As described above, according to the imaging system according to the first aspect of the present invention, a periodic image on a web conveyed at high speed can be imaged at an accurate position in synchronization with the cycle. A possible imaging system is provided.

[Brief description of the drawings]

FIG. 1 is a diagram showing an example of a configuration in an imaging system of the present invention.

FIG. 2 is a flowchart showing a process of an operation in the imaging system of the present invention applied to a printing press.

FIG. 3 is an explanatory diagram illustrating an example of a process of calculating a coordinate deviation in a data processing unit in the imaging system of the present invention.

[Explanation of symbols]

 Reference Signs List 1 pulse generator 2 synchronization control unit 3 light emission control unit 4 ring illumination 5 CCD camera 6 data processing unit

 ────────────────────────────────────────────────── ─── Continued on the front page F term (reference) 2C250 EB26 EB27 EB29 EB38 EB43 2G051 AA34 AB11 BA20 BC02 BC03 CA04 CB01 CD06 CD07 DA01 DA05 EA12 ED23 5C054 AA01 CB04 CC05 CG01 CH04 EA01 FC01 HA02

Claims (1)

[Claims] 1. An imaging system for imaging a periodic image on a transferred web in synchronization with the period,
A transport detection unit, a synchronization control unit, a light emitting unit, an imaging unit, and a processing unit, wherein the transport detection unit detects a transport amount of the web, and the synchronization control unit determines the transport amount.
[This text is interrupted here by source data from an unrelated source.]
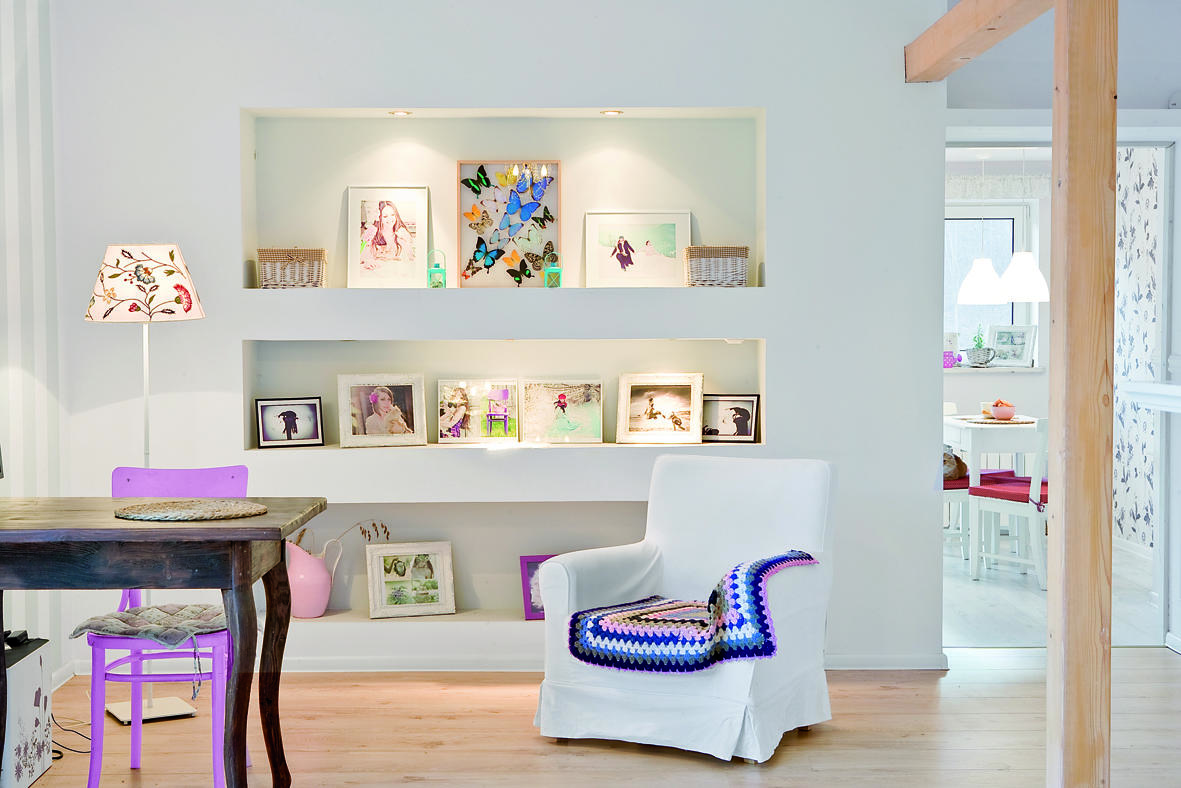 Meble, tkaniny a także dekoracje wzajemnie się uzupełniają i konsekwentnie korespondują ze sobą. W każdym pomieszczeniu są nieco inne, ale mają wspólny mianownik w postaci podobnej palety barw. Pani Agnieszce zależało głównie na tym, aby „mieszkanie było inne niż typowe polskie wnętrza utrzymane w kolorystyce żółci, pomarańczy czy zieleni”. Jak wspomina w kwestii doboru odcieni „główną inspirację stanowiły skandynawskie wnętrza w chłodnych, stonowanych kolorach, które mimo wszystko miały w sobie dużo ciepła”. Pomimo tak skonkretyzowanych upodobań uzyskanie spójnej gamy kolorystycznej wcale nie było takie proste, bo to kobiety mają świadomość tonalnych niuansów barw a męska percepcja odcieni zakłada występowanie głównie kolorów podstawowych.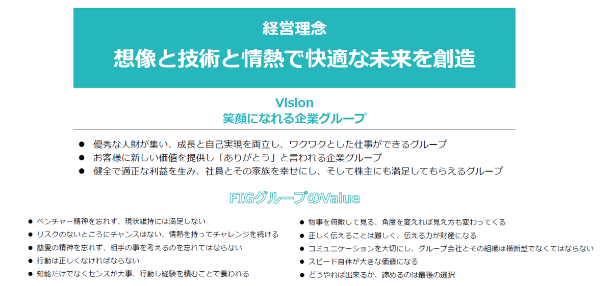 ・FIGグループの経営理念、ビジョン、バリューが、すばらしい!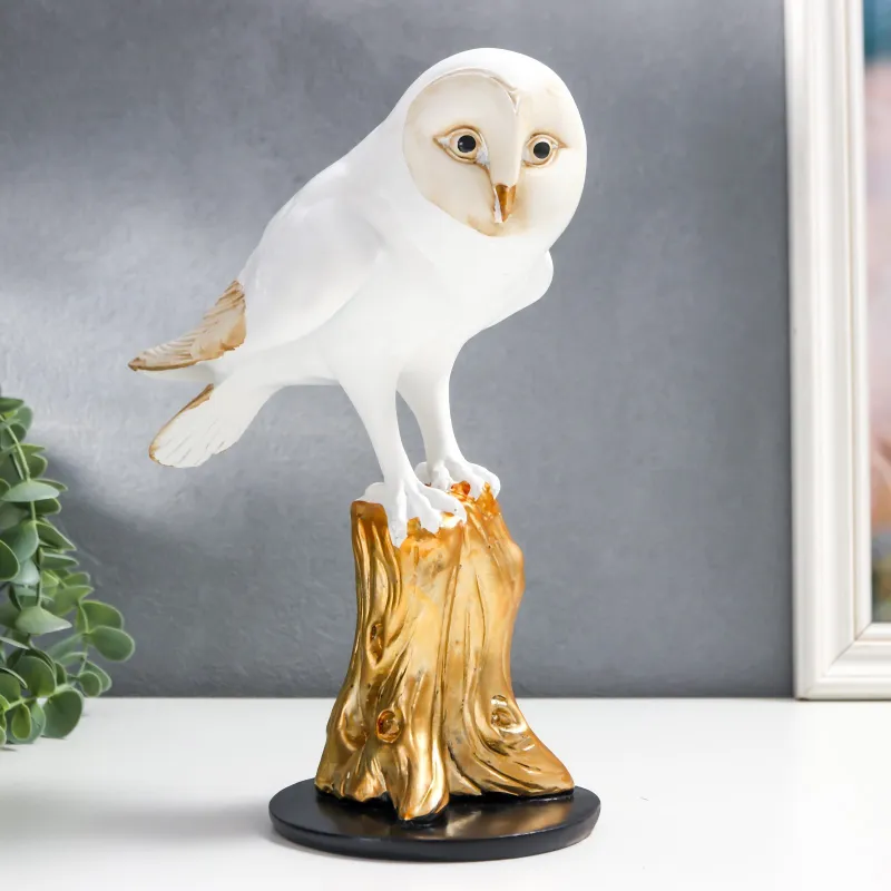 Сувенир полистоун "Белая сова на золотом пне" 25х12х20 см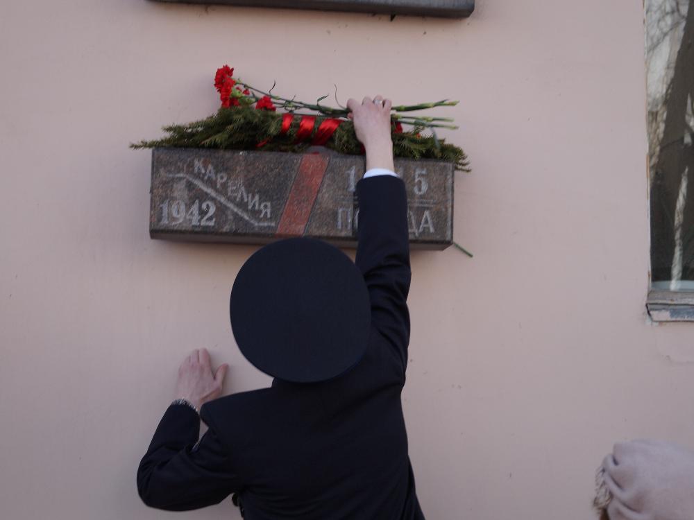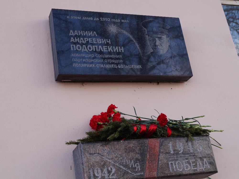Митинг начался с возложения цветов к мемориальной доске, расположенной на доме, где жил командир партизанского отряда «Полярник» Подоплекин Даниил Андреевич (ул. Набережной Двины, д. 96).
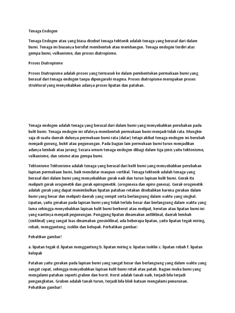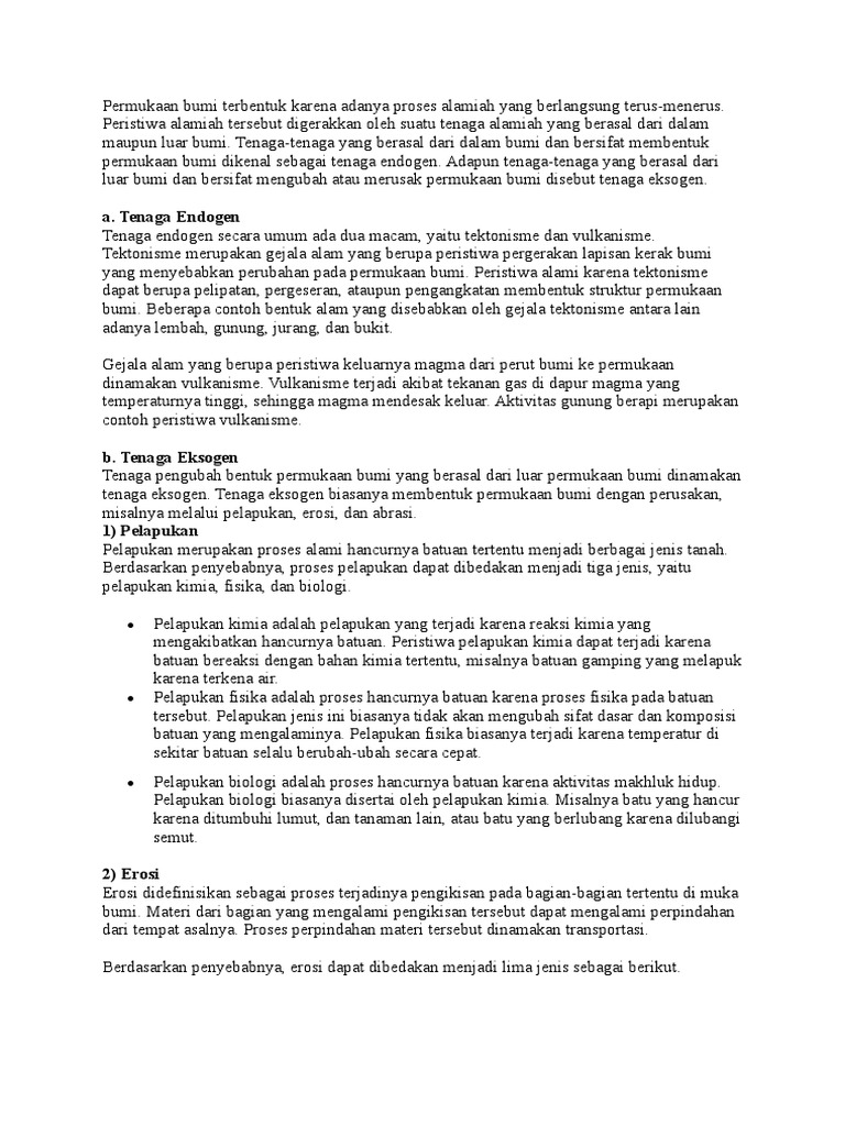 Relief Muka Bumi: A. Tenaga Endogen dan Eksogen Tenaga Endogen

Inputting the coordinate deviation output by the processing means, outputting a trigger at a timing to reduce the coordinate deviation, the light emitting means illuminating the web by inputting the trigger and flashing instantaneously, and the imaging means Captures the illuminated web and outputs an imaging signal, the processing unit receives the imaging signal to generate a captured image, compares the coordinates of the captured image with predetermined coordinates, and An imaging system, which outputs a coordinate deviation.